The magnitude of the “glitch” has decreased, but it is not reduced enough to our liking. If we were to use a cursor to look at each data value around the “glitch”, we would see that the actual point where it occurred was replaced with the proper value, but the data point after it was also replaced because using the one point check defined it as a “glitch” as well (the change is greater than our delta).

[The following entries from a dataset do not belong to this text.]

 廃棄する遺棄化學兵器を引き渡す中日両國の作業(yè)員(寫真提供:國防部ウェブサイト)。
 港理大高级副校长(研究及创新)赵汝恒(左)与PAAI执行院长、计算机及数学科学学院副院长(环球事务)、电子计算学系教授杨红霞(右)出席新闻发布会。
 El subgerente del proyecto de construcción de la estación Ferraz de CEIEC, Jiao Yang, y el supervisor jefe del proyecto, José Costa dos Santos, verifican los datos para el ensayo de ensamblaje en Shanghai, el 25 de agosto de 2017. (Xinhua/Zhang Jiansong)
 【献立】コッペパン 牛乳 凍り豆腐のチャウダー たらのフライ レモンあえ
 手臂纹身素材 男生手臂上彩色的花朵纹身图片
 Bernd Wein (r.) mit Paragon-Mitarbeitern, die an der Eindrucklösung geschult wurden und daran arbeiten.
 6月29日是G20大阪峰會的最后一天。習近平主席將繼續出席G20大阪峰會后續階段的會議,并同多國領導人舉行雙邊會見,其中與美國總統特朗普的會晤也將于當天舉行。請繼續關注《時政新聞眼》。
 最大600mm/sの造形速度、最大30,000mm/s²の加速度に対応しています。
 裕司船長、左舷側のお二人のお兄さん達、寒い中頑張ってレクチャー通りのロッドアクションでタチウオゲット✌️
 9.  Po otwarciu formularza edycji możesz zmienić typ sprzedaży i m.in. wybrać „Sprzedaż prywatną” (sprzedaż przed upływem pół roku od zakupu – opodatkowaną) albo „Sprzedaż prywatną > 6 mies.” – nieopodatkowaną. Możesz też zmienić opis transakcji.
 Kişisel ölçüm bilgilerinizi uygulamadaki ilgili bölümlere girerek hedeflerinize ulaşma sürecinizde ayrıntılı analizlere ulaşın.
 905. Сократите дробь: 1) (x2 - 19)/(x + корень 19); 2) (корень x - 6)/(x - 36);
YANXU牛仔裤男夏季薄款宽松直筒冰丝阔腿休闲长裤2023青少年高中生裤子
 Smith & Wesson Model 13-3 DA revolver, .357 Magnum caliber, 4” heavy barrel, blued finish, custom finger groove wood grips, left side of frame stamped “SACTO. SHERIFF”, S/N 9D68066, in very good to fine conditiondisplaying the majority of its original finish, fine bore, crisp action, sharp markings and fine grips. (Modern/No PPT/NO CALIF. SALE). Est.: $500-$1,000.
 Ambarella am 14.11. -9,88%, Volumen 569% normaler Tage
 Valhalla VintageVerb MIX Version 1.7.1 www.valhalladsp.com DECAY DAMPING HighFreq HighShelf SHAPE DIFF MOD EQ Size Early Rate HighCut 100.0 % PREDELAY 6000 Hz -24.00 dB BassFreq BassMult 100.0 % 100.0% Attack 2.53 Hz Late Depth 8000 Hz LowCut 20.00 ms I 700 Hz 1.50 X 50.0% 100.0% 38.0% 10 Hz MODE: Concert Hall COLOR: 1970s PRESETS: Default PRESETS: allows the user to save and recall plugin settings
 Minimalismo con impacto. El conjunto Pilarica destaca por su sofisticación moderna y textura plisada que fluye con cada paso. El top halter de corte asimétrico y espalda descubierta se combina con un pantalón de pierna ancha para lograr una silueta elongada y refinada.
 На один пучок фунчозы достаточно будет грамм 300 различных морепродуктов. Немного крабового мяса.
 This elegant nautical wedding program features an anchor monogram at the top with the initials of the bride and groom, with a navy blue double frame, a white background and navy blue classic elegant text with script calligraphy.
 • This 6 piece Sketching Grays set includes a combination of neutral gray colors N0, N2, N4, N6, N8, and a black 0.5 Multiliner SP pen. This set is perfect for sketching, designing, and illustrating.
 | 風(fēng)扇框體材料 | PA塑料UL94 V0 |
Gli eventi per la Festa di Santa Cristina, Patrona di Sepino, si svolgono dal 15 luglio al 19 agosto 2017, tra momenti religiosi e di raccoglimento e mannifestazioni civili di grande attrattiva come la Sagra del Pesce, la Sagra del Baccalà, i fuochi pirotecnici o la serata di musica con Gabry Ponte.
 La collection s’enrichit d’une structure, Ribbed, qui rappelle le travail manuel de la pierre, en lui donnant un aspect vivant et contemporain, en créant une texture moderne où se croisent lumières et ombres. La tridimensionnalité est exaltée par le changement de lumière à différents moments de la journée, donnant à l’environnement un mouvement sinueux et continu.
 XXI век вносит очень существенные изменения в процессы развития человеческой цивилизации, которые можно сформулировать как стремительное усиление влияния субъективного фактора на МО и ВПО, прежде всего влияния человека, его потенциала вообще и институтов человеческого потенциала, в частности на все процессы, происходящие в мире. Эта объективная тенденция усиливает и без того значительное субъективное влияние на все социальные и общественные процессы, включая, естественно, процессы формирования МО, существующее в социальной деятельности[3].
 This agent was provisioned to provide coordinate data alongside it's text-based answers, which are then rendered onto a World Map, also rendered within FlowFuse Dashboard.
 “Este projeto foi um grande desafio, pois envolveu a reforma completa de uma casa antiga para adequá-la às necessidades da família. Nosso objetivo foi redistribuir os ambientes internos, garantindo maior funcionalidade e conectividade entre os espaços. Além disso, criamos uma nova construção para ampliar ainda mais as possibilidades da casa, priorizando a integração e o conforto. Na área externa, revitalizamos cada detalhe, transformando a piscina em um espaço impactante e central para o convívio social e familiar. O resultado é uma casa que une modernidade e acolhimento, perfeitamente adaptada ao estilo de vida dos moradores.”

To correct this, let’s use the two point comparison method which will take care of the rise after the “glitch” occurs. The only change to our analysis equation is to use the different check function:

# Run Comments Equation Definition Label Units
7 R0=if(checktwo(A0,1),avgadjonept(A0),A0

The results of this analysis are much better:

We have not completely eliminated the bad data point, but we have replaced it with a much more manageable spike. Our next thought might be to use the avgadjtwopts replacement function, but it does not do much better on this data because the “glitch” occurs directly on a transition boundary.

Summary

Using some basic comparison functions and using the Z-Transform function, it is fairly easy to replace bad data points with appropriate values. This general approach can be used with a wide range of data, and other methods of detecting a bad data point and determining a replacement value are easy to integrate into this approach.